Data segment:
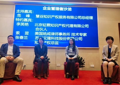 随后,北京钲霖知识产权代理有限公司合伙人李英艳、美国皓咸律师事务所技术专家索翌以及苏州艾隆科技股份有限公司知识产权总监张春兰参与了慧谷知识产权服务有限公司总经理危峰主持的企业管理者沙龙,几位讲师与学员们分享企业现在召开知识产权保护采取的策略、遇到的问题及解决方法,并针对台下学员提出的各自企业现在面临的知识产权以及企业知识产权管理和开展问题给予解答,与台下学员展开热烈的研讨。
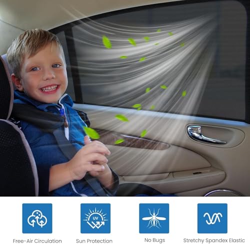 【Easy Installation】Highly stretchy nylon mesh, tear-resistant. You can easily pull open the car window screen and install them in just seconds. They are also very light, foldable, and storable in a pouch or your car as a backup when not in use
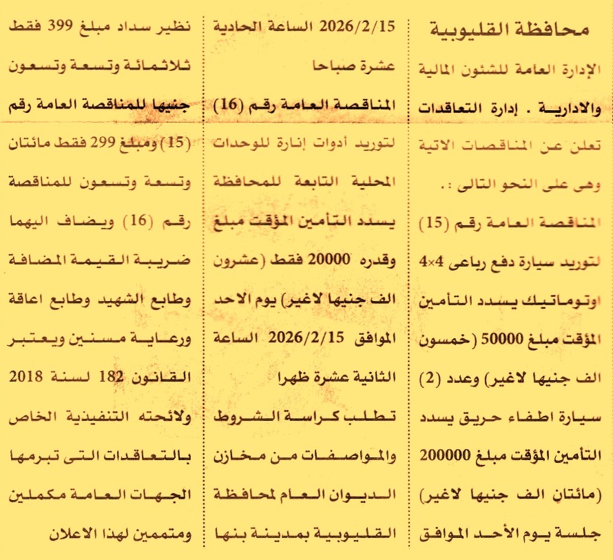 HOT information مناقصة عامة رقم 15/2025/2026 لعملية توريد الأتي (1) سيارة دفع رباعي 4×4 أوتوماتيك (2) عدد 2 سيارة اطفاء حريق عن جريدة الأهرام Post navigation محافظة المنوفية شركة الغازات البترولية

Work order: The required response consists solely of the lines from the line containing "when not in use" through the end of the listing, both ends included, copied exactly without pictures.

Output for this exercise:
 【Easy Installation】Highly stretchy nylon mesh, tear-resistant. You can easily pull open the car window screen and install them in just seconds. They are also very light, foldable, and storable in a pouch or your car as a backup when not in use
 HOT information مناقصة عامة رقم 15/2025/2026 لعملية توريد الأتي (1) سيارة دفع رباعي 4×4 أوتوماتيك (2) عدد 2 سيارة اطفاء حريق عن جريدة الأهرام Post navigation محافظة المنوفية شركة الغازات البترولية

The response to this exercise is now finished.